“How should a person be? I sometimes wonder about it, and I can’t help answering like this: a celebrity.”—Sheila Heti
Gyllenhaal’s always at the coffee shop, lately. And the other night, blind drunk, I staggered over to where I saw my cousin Luke and two others sitting in the corner of the bar we’d needed a password to get in (he had it) and only after I’d slid into the banquette—deep swallow of vodka, lime-meat stuck in my teeth—finally looked up and saw, across from me: one of my table-mates was none other than Dunst. Dunst inscrutable. Like finding Athena’s taken a seat in the bow of your storm-pitched boat. One wants to ask, of course, if when she’s up on screen she can feel the flicker inside, the way the 24 frames per second hiccup through her, filling (emptying) her with the gaps across which her form and visage must ceaselessly leap. Not the autofill of becoming but the possibility that one’s ghost already walks the earth, trying on completion like a stiff wool coat. I look up and she smiles her sly smile: Yes, it’s me all right, your stumbling was a stumbling-into, you must have given your dour alterity the slip…unless he slipped you. When a tray of drinks arrived, everyone looked at me, and I emptied my wallet into the waitress’s outstretched palm.
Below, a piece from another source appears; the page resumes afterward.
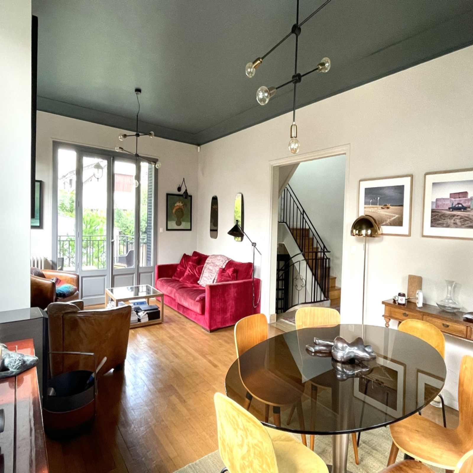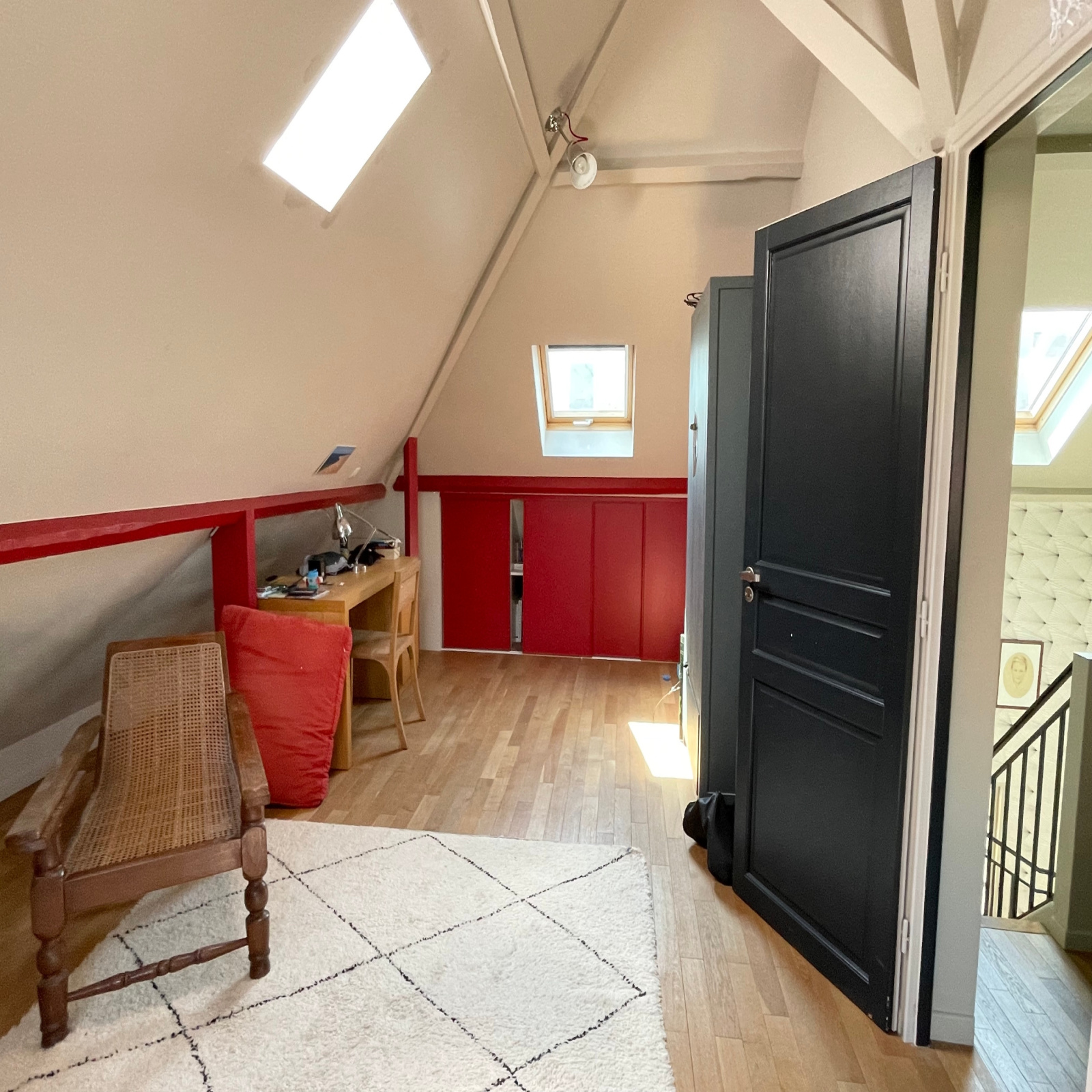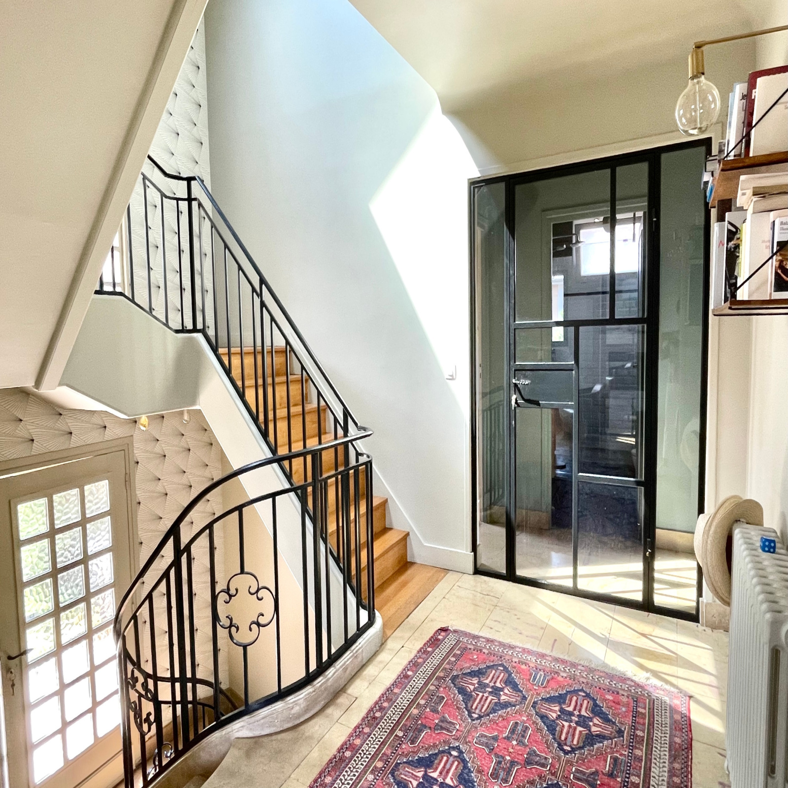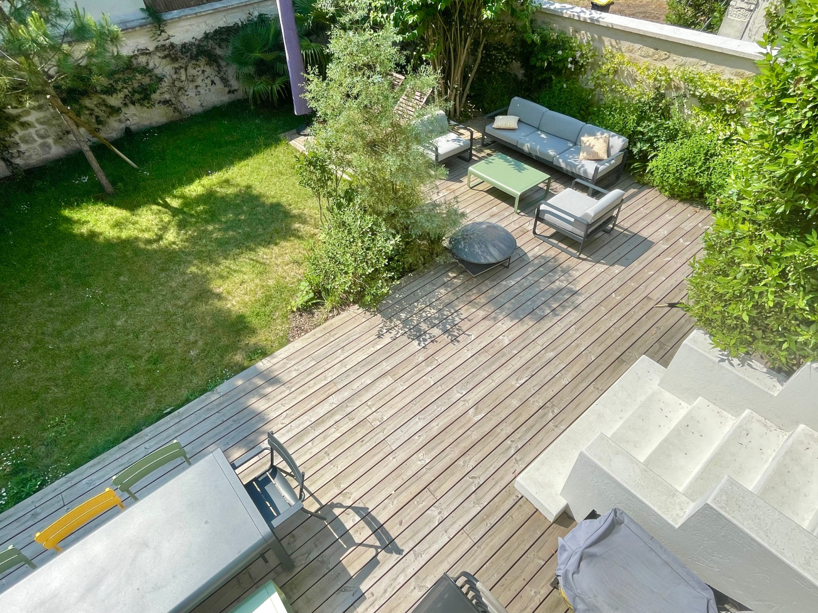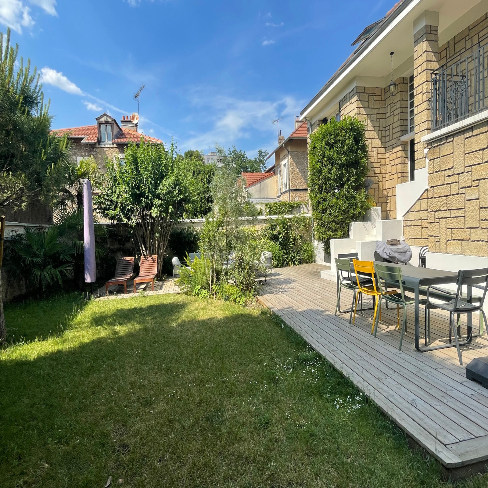 EXCLUSIVITE. RARE. Située dans un quartier très calme, résidentiel et quasiment sans passage de voitures, à moins de 10 mn du centre ville, de la gare (St Lazare en 11 mn), des écoles, Belle maison familiale de 200 m2 implantée sur une parcelle de 470 M2. Vous serez séduit par l?atmosphère de ce lieu aux volumes généreux et où la lumière est omniprésente Rdc : Très spacieuse entrée desservant une chambre de plain-pied, salle de douche,wc. Accès buanderie, cave et garage. Escalier majestueux menant aux étages avec accès jardin. Au 1er : double séjour très lumineux, Est/Ouest avec balcon et terrasse dominant le jardin, cheminée. Cuisine dinatoire séparée (ouverture possible), Espace parental composé d?une belle chambre, salle d?eau et wc. Une autre chambre ou bureau Au second, 3 chambres, salle de bains et douche, wc. Le terrain de 470 m2 permet d?avoir un bel espace devant la maison de 100 m2 et un beau jardin arboré très ensoleillé derrière et sur le côté de 251 m2. La maison à la décoration soignée ne nécessite aucun travaux Garage double + 1 parking intérieur et un extérieur. Contact direct : Véronique de Lima. O6 61 61 04 05 RSAC de Nanterre sous le numéro 502 004 922

And how better theatricalize that flicker than to cast Hathaway, the nerve-queen, strip off all her clothes, hand her a video camera, and have her act the victim of rare early-onset Parkinson’s: tremors upon tremors, a quake whose epicenter is both her right nipple and the film-within-a-film she makes. Madeleine: “Why is the signifier of the artist overalls?” Don’t forget a claw-foot tub and a loft with amazing light. She falls for Jake, the charming young Pfizer rep with intimacy issues who pushes Zoloft and then that little blue pill. Has anyone wondered, is that a viagra in Morpheus’s left hand? Raising the question, does a hard-on in the matrix, since it is the essence of the material itself, by its presence re-actualize the virtual? I loved the 90s, driving to Scranton to see the Spin Doctors in my cuddly polar fleece. Because the American project is to depoliticize experience, anything intractably political bugs us—like health, like care. So why won’t this movie take a stand? But then, can we really afford to dismiss it? Because its hero hates himself and is lost and afraid to give over his life to love and nurture? Honestly, who among us would such a situation prick?